AIM OF THE EXERCISE:
Repeat verbatim each line from the line with "夏の気質の中にニットのセータ" to the end of the entries. Pictures do not belong in the copy.
START MATERIAL PROVIDED
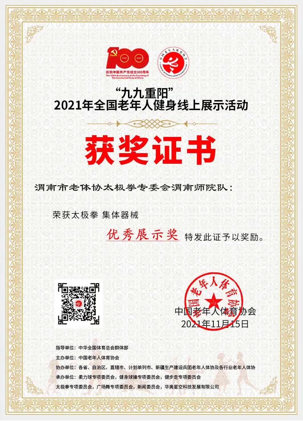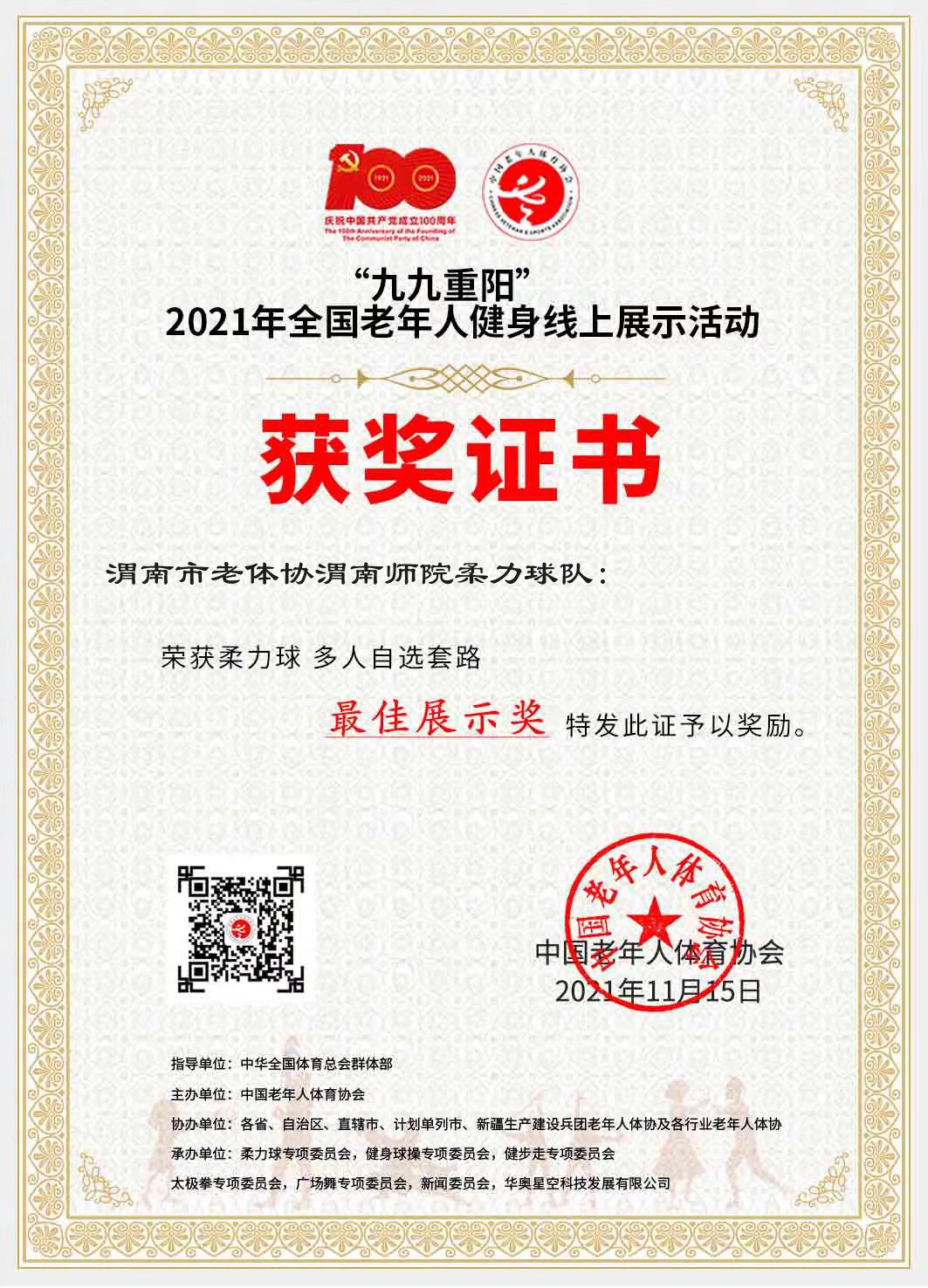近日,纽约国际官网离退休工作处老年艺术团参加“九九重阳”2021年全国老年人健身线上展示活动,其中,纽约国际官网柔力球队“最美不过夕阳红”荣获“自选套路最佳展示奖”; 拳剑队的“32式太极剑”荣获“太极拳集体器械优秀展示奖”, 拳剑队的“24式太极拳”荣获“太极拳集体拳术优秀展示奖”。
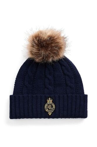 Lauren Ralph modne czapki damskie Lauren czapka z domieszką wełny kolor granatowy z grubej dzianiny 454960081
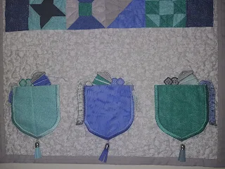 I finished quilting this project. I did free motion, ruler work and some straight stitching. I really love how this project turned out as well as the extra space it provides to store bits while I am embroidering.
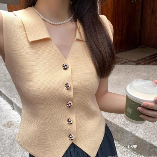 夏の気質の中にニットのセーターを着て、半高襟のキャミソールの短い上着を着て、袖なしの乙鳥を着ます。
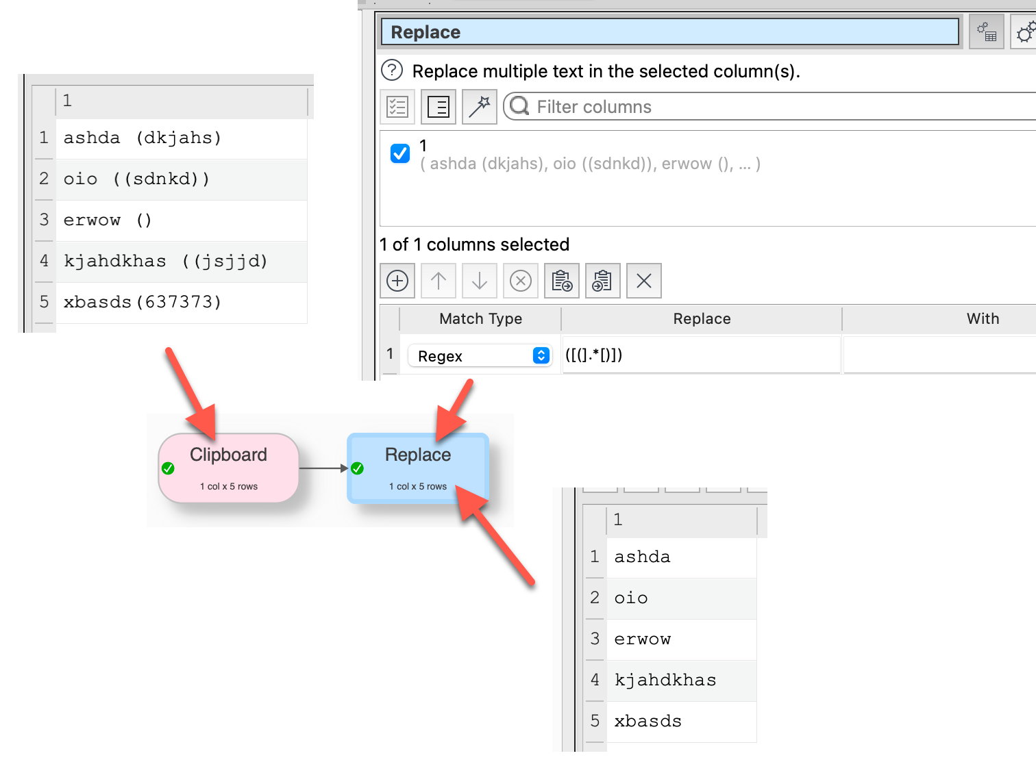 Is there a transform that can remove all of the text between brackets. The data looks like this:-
END MATERIAL PROVIDED
ANSWER SECTION:
 夏の気質の中にニットのセーターを着て、半高襟のキャミソールの短い上着を着て、袖なしの乙鳥を着ます。
 Is there a transform that can remove all of the text between brackets. The data looks like this:-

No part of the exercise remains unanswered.